While utterly necessary, the overthrow of intolerable institutions does
not magically equip us to build better ones. While complementary, the
two are distinct tasks. In this unprecedented moment of rapidly
unfolding, global social upheaval -- a moment that turns entirely on
what we bring to it, and how we meet each other -- can we afford modes
of behavior reproductive of war?

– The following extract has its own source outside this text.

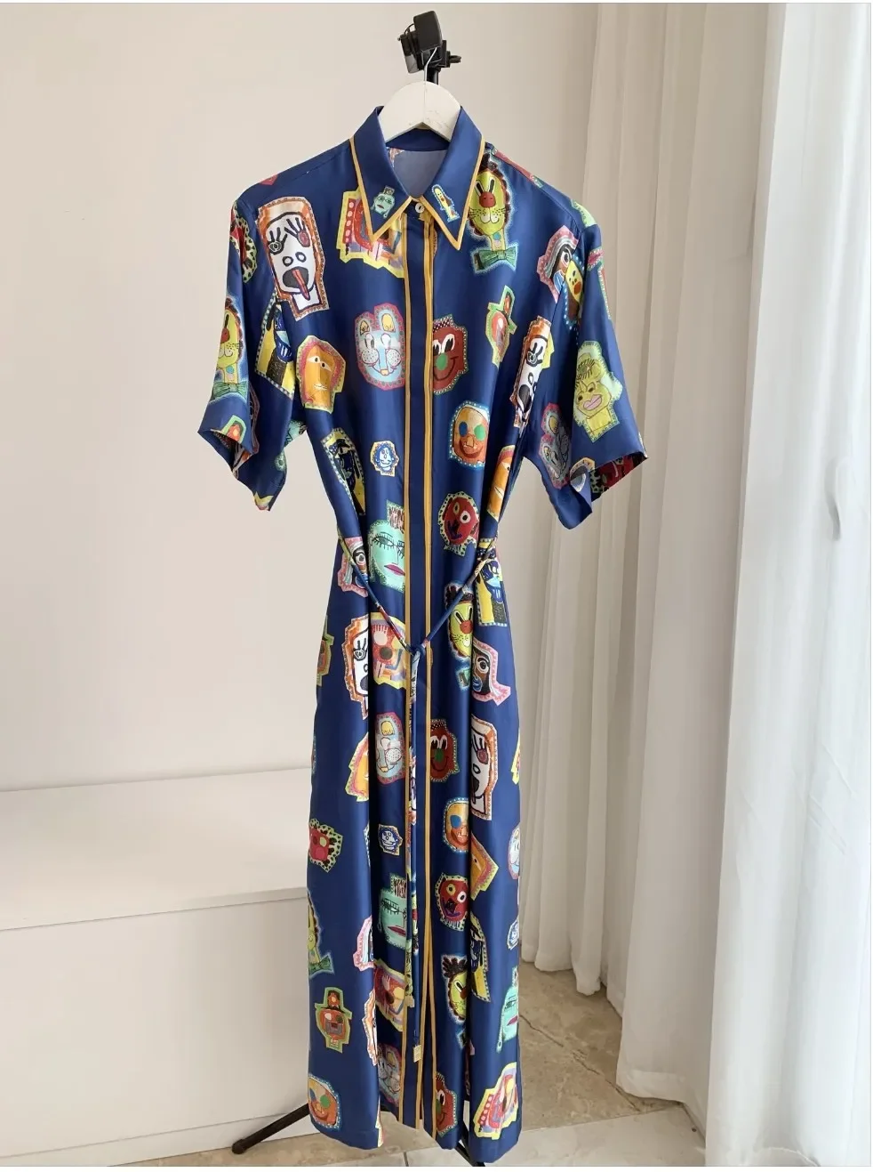 Женское платье, новинка весны 2024, шелковые винтажные платья с принтом, поясом, отложным воротником и коротким рукавом

Is there, perhaps, something deeply
political about forging a relationship with oneself that, itself, is an
act of refusal; a refusal of the impulse to control, dominate; a refusal
to be conducted by our anxieties and fears; an anti-authoritarian mode
of being?
*Joshua Stephens* is a board member with the Institute for Anarchist
Studies and has been active in anti-authoritarian movements for the last
two decades, drawing from mentors as diverse and dispersed as the
Ruckus Society and Murray Bookchin's Institute for Social Ecology in the
US, to Zapatistas in southern Mexico and the Popular Resistance
Committees in Palestine. His work has spanned coordinating and training
participants for direct action struggles around issues both local and
international, co-teaching a course on classical and contemporary
anarchist traditions at Georgetown University, and co-founding three
workers cooperatives. He lives in Brooklyn, NY where he's active with
the Occupy movement, and has spent the last two months traveling and
interviewing anarchists in the eastern Mediterranean.